[DATA FOR THE TASK]

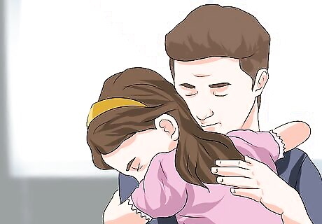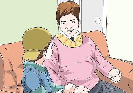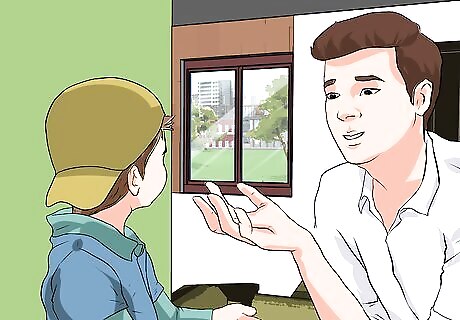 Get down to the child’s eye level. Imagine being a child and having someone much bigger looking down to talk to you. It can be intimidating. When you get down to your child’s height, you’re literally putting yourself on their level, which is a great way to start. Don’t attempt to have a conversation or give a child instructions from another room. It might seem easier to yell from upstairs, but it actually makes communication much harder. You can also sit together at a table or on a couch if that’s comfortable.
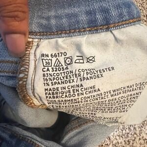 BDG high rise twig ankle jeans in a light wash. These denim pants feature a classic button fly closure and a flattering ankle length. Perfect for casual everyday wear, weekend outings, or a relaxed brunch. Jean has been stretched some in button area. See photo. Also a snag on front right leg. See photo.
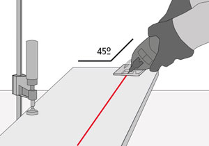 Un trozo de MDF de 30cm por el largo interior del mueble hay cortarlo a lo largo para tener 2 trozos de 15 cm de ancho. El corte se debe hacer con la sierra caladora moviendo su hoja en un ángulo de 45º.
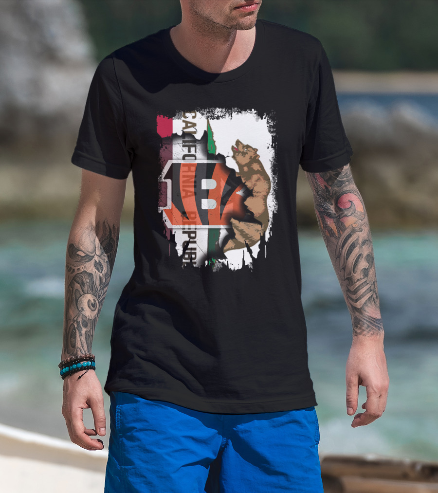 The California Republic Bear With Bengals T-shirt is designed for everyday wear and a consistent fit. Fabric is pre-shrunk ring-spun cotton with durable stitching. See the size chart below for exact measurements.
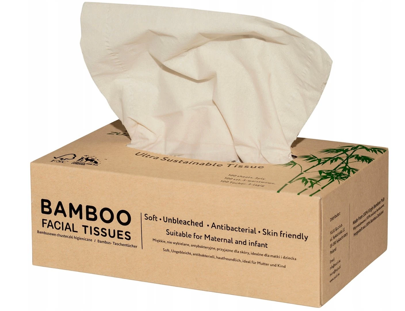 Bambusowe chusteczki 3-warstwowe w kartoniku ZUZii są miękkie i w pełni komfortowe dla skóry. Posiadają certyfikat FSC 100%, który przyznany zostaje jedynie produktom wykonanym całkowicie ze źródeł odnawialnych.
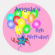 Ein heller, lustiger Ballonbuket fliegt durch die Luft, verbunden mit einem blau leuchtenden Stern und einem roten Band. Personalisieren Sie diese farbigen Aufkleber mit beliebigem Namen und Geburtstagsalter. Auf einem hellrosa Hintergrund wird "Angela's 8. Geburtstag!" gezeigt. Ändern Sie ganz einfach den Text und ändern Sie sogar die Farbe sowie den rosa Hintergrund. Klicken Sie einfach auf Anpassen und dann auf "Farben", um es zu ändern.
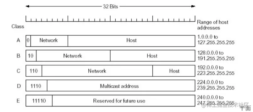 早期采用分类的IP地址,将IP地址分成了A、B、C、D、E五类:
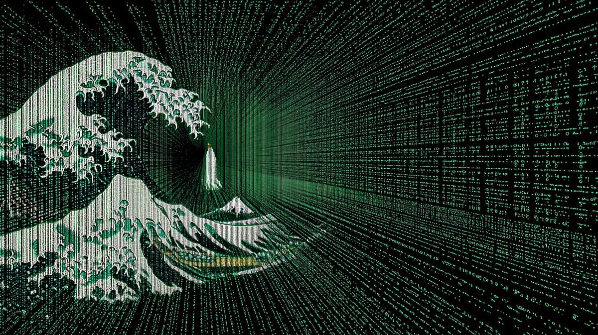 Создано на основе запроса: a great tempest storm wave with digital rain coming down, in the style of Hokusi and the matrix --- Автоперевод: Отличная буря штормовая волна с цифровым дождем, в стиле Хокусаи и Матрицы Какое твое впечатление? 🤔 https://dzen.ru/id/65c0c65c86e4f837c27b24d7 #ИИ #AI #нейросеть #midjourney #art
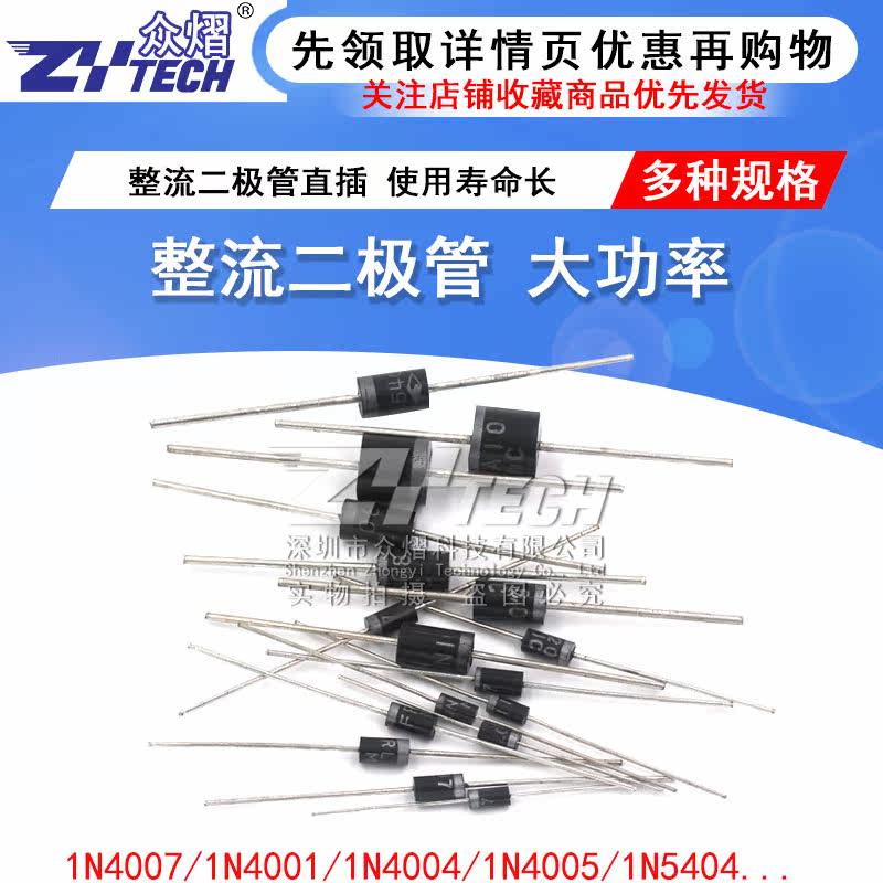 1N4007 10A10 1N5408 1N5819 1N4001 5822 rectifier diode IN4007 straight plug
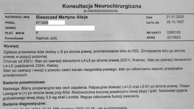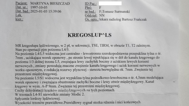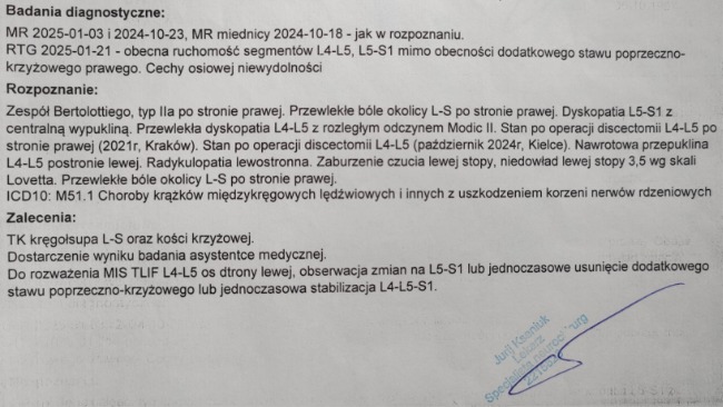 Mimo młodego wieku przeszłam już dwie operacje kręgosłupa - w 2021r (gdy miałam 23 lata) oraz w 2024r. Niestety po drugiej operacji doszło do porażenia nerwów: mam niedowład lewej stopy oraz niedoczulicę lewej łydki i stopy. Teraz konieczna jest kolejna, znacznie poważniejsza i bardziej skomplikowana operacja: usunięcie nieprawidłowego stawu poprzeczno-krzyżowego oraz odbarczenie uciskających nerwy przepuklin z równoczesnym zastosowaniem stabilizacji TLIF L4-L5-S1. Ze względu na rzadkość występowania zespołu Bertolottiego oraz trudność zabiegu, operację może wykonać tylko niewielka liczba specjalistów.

[/DATA FOR THE TASK]
[DATA FOR THE TASK]

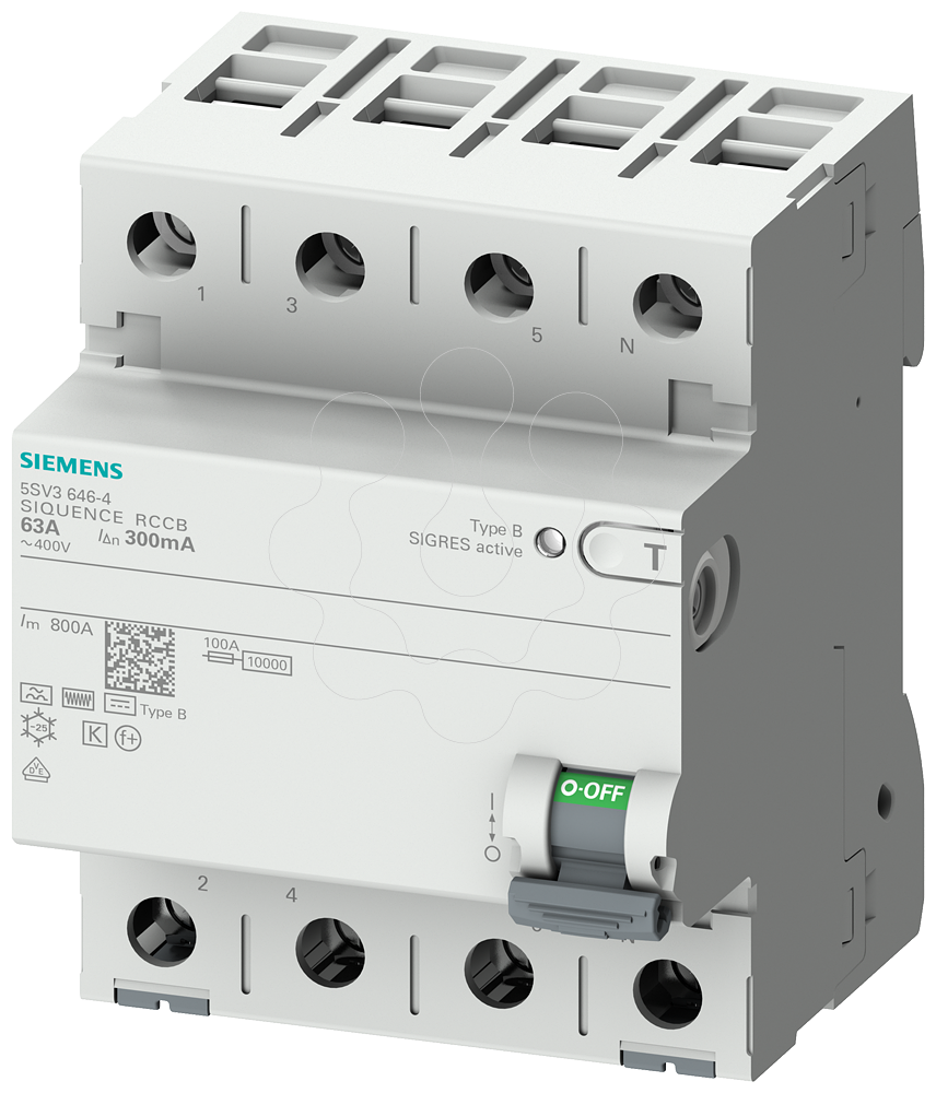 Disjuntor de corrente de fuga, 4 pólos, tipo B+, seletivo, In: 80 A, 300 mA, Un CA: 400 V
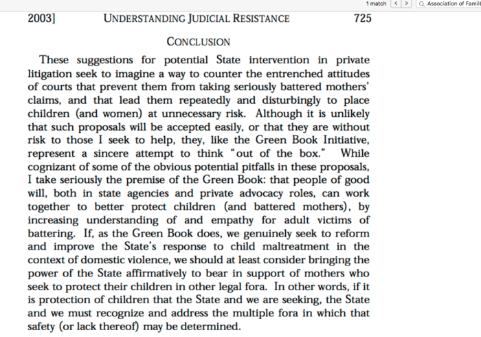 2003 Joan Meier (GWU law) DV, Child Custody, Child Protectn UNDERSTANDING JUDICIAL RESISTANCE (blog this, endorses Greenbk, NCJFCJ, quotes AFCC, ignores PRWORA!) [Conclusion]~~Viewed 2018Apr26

[/DATA FOR THE TASK]
[DATA FOR THE TASK]

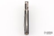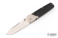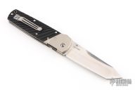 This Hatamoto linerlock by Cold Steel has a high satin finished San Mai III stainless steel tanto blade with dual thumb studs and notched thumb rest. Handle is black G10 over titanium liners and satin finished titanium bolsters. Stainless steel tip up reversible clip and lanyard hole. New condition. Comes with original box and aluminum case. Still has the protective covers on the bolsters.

[/DATA FOR THE TASK]

> [TASK PROMPT]
Copy out the listing above from the line containing "Создано на основе" to the line containing "1N4007 10A10 1N5408", both included, exactly as written and minus the images.

> [RESPONSE BELOW]
 Создано на основе запроса: a great tempest storm wave with digital rain coming down, in the style of Hokusi and the matrix --- Автоперевод: Отличная буря штормовая волна с цифровым дождем, в стиле Хокусаи и Матрицы Какое твое впечатление? 🤔 https://dzen.ru/id/65c0c65c86e4f837c27b24d7 #ИИ #AI #нейросеть #midjourney #art
 1N4007 10A10 1N5408 1N5819 1N4001 5822 rectifier diode IN4007 straight plug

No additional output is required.